Announcing the Day Zero Availability of NVIDIA Nemotron 3 Nano Omni on Amazon SageMaker JumpStart: Transforming Multimodal Intelligence for Enterprises

Overview of NVIDIA Nemotron 3 Nano Omni

Key Features and Architecture

Unlocking Enterprise Use Cases

Step-by-Step Guide to Deployment on SageMaker JumpStart

Inference Capabilities and Example Use Cases

Recommended Parameters for Optimal Performance

Conclusion: Elevate Your Applications with Nemotron 3 Nano Omni

About the Authors

Announcing the Day Zero Availability of NVIDIA Nemotron 3 Nano Omni on Amazon SageMaker JumpStart

We’re thrilled to announce an exciting advancement in multimodal AI capabilities: the day zero availability of the NVIDIA Nemotron 3 Nano Omni on Amazon SageMaker JumpStart!
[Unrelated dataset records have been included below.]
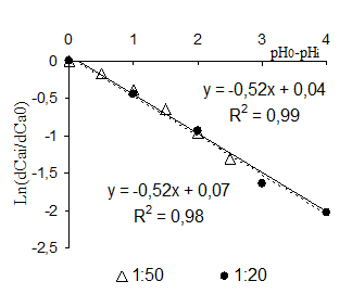 Для обоснования процесса использована модель релаксации системы «ППК-почвенный раствор», которая выводится из равновесного (исходного, соответствующего кислотно-основному статусу) состояния при достижении почвой максимума нейтрализации (рН0 → рНmax ), на которую рассчитана применяемая доза извести. Длительность восстановления реакции среды определяется необходимым количеством циклов (t, лет) промывания почвы, обеспечивающих равенство общего снижения обменно- поглощенных оснований, предшествующим их изменениям от известковых доз.
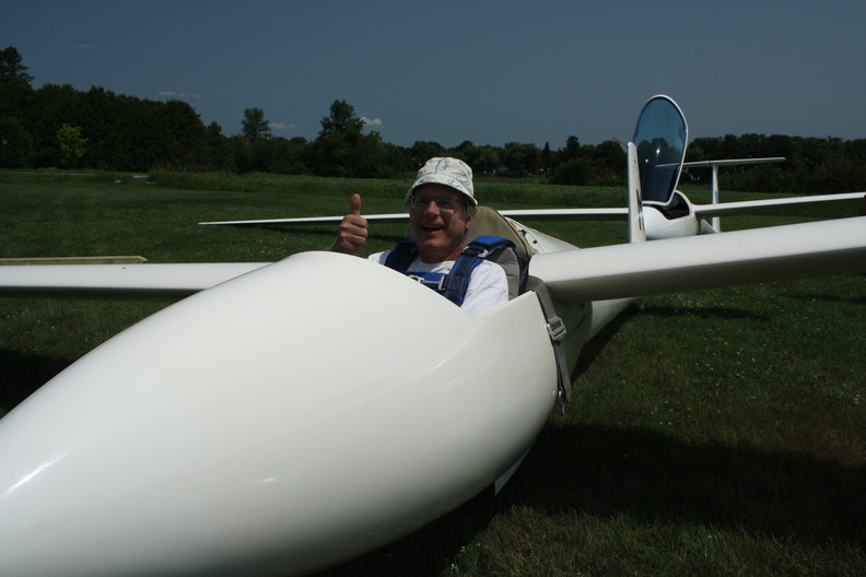 Dave Frank is getting help from Carlee Glendenning to attaching the canopy to his glider in preparation for launch. (20Jul16)
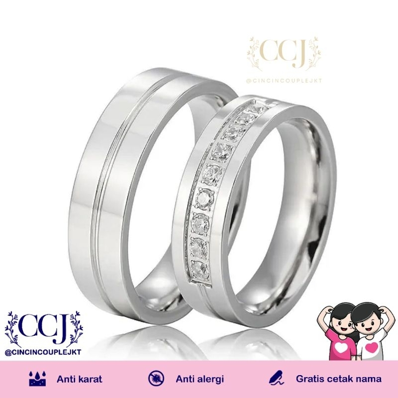 [GRATIS CETAK NAMA] Cin cin Couple Titanium Anti Karat R65 | Cin cin Pasangan | Cin cin Hadiah | Cin cin Lamaran
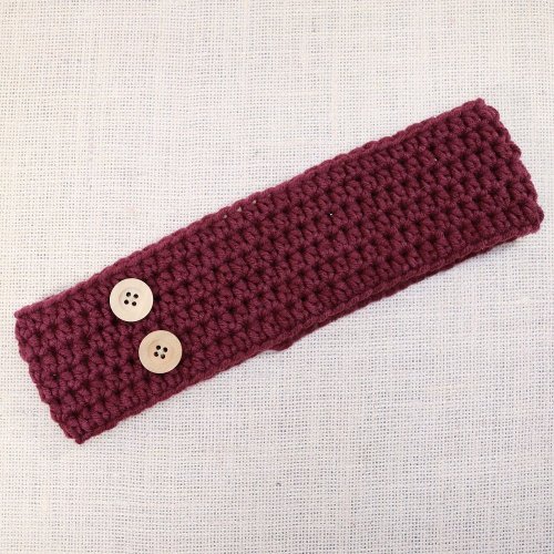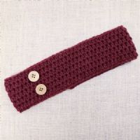 Cozy hand crochet ear warmer headband in dark wine red with two wooden buttons. ** Tween to Adult size - Head Measurement = 51 to 60cm ** 7cm wide The buttons are removable and can easily be attached or moved around without sewing skills needed.
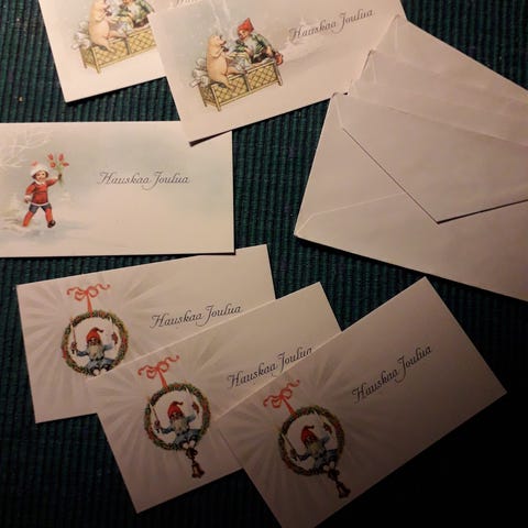 Mulle aikanaan postilta saadut joulukortit. Koko noin A5 toisella puolella myös merkki yhessä tai kahdessa ei ollut. Napapiirileimalla on myös muutama. Nouto tai lähetys 5.50e
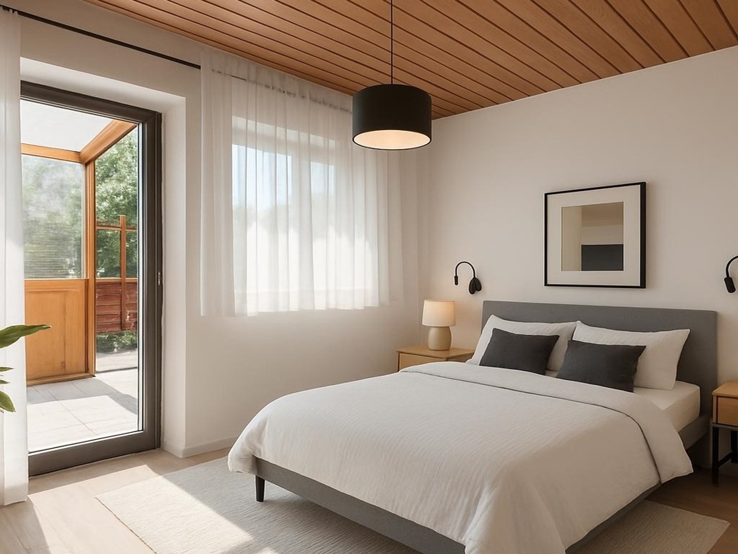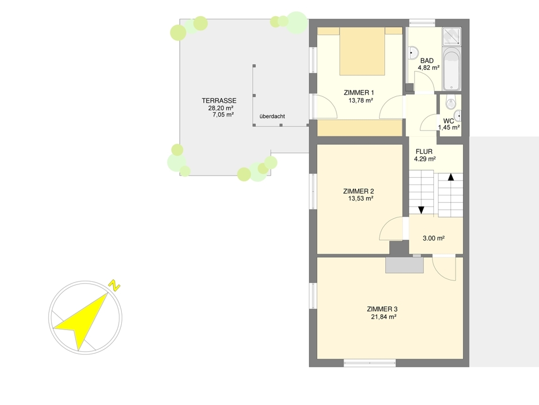 Im Obergeschoss drei Schlafzimmer, eines davon mit Zugang zur großen, teils überdachten Dachterrasse mit herrlichem Blick auf das Schloss.
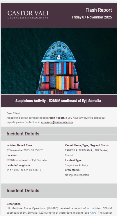 Castor Vali flash report regarding Suspicious Activity – 528NM southeast of Eyl, Somalia.
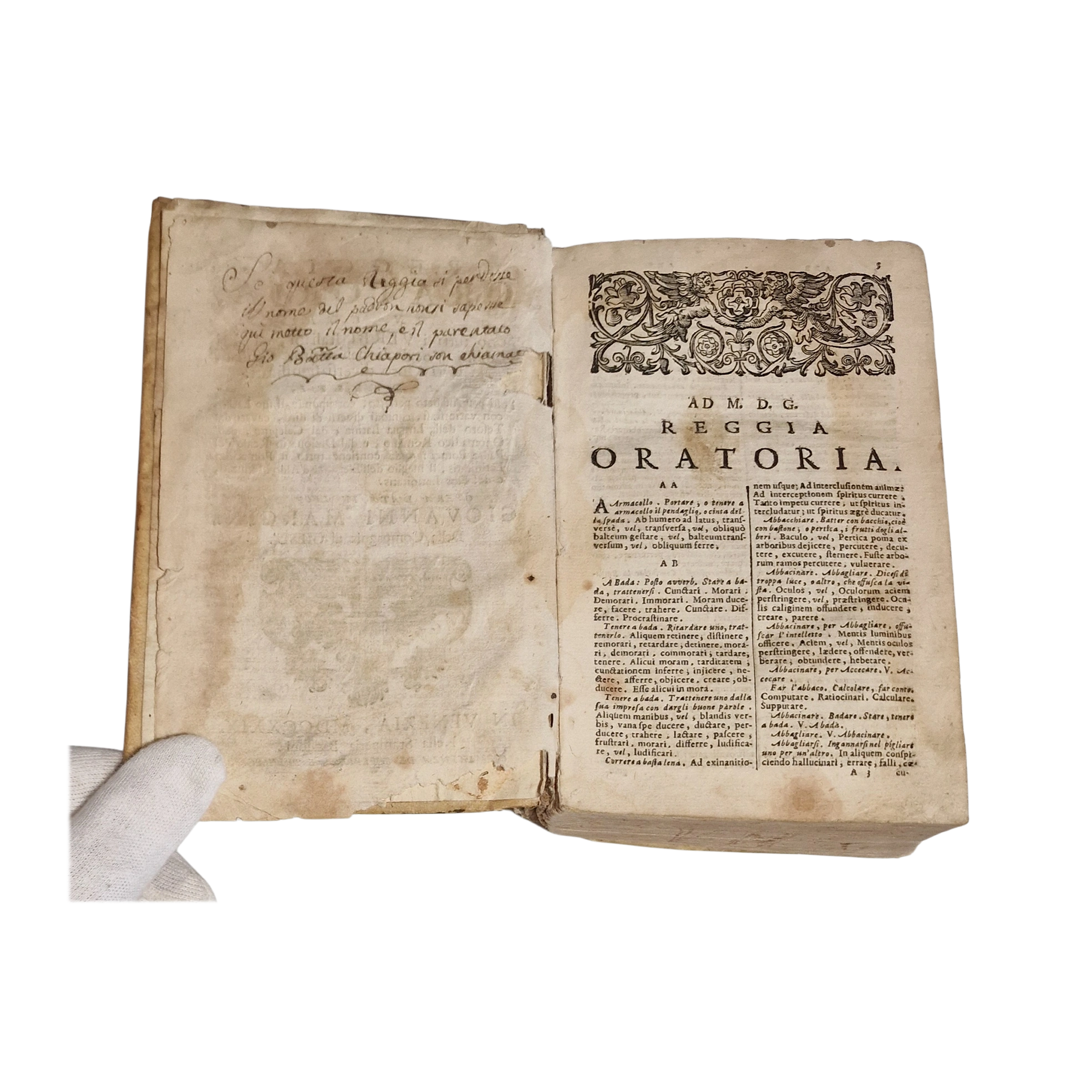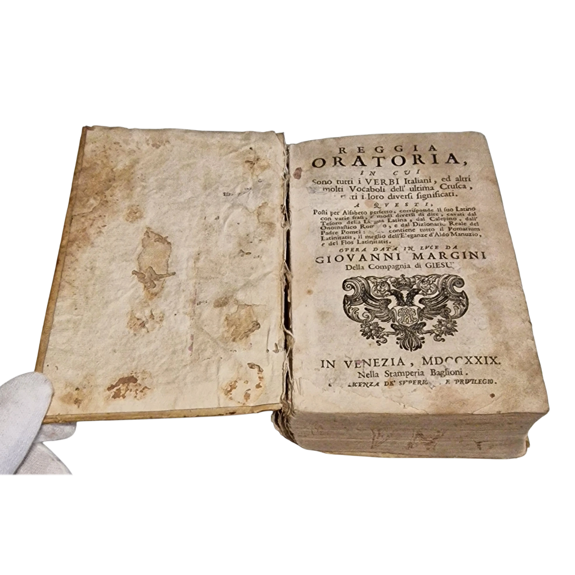 Authentic 18th century antique book: “Reggia Oratoria”, a Latin rhetoric and language manual written by Jesuit author Giovanni Margini (Society of Jesus) and printed in Venice in 1729 by Stamperia Baglioni. A fascinating historical piece connected to Jesuit education and classical studies, focused on rhetoric and the correct usage of Latin vocabulary, typical of scholarly and academic learning of the period.
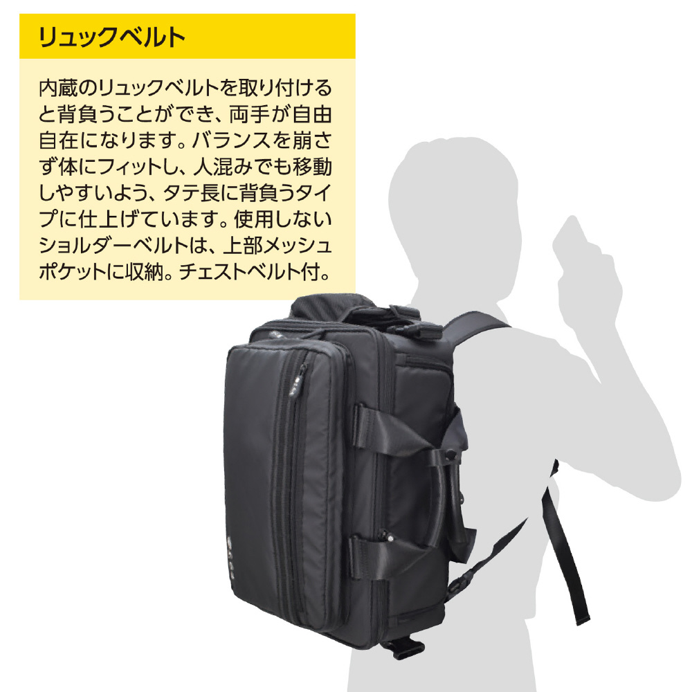 【リュックベルト】背面に収納されたリュックベルトで、人混みでも移動しやすい縦長リュックとして利用可能。バッグの揺れを軽減するチェストベルト付き。

This state-of-the-art model integrates the understanding of video, audio, images, and text into a single, efficient architecture, empowering enterprise customers to craft intelligent applications that can "see," "hear," and "reason" across different modalities in one inference pass.

In this post, we’ll guide you through the architecture and key features of Nemotron 3 Nano Omni, delve into the enterprise applications it enables, and provide insights on how to deploy and run inference using Amazon SageMaker JumpStart.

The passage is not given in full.